**HOW TO COMPLETE THIS TASK:** Please transcribe the listing that follows exactly; images are to be excluded.

--- COLLECTED DATA Enclosed Below ---

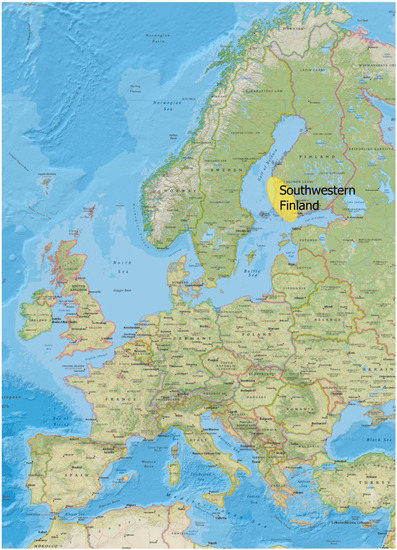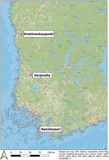 The three areas chosen for closer review, Kemiönsaari, Harjavalta, and Kristiinankaupunki, are located about 100 km apart from each other (Figure 4). Kemiönsaari, in the Southwest Finland region, is the southernmost of the sites, and it is also currently part of the archipelago. The Harjavalta area is in the middle of the Satakunta region, formerly part of the Western Finland Province. The northernmost review area is Kristiinankaupunki, in the Ostrobothnia region.
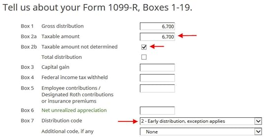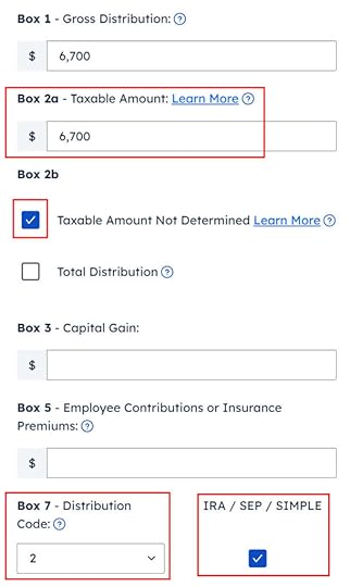 If you imported your 1099-R, double-check to make sure the import exactly matches the copy you received. If you enter your 1099-R manually, be sure to enter everything on the form exactly. Box 1 shows the amount converted to the Roth IRA. It’s normal to have the same amount as the taxable amount in Box 2a when Box 2b is checked saying “taxable amount not determined.” Pay attention to the distribution code in Box 7. My 1099-R has code 2.
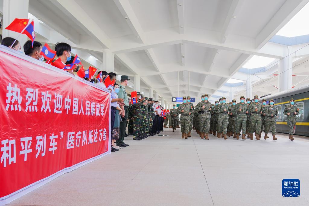 老挝国防部、老挝人民军总后勤部代表,我军援助老挝医学专家,老中铁路有限公司人员等在万象站迎接医疗队一行。欢迎人员挥舞中老两国国旗,手持“热烈欢迎中国人民解放军‘和平列车’医疗队抵达万象”横幅欢迎医疗队抵达。
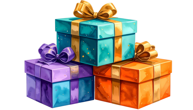 Three vibrantly colored gift boxes stacked, each adorned with a golden bow

--- End of Enclosed COLLECTED DATA ---

**ANSWER:**
 The three areas chosen for closer review, Kemiönsaari, Harjavalta, and Kristiinankaupunki, are located about 100 km apart from each other (Figure 4). Kemiönsaari, in the Southwest Finland region, is the southernmost of the sites, and it is also currently part of the archipelago. The Harjavalta area is in the middle of the Satakunta region, formerly part of the Western Finland Province. The northernmost review area is Kristiinankaupunki, in the Ostrobothnia region.
 If you imported your 1099-R, double-check to make sure the import exactly matches the copy you received. If you enter your 1099-R manually, be sure to enter everything on the form exactly. Box 1 shows the amount converted to the Roth IRA. It’s normal to have the same amount as the taxable amount in Box 2a when Box 2b is checked saying “taxable amount not determined.” Pay attention to the distribution code in Box 7. My 1099-R has code 2.
 老挝国防部、老挝人民军总后勤部代表,我军援助老挝医学专家,老中铁路有限公司人员等在万象站迎接医疗队一行。欢迎人员挥舞中老两国国旗,手持“热烈欢迎中国人民解放军‘和平列车’医疗队抵达万象”横幅欢迎医疗队抵达。
 Three vibrantly colored gift boxes stacked, each adorned with a golden bow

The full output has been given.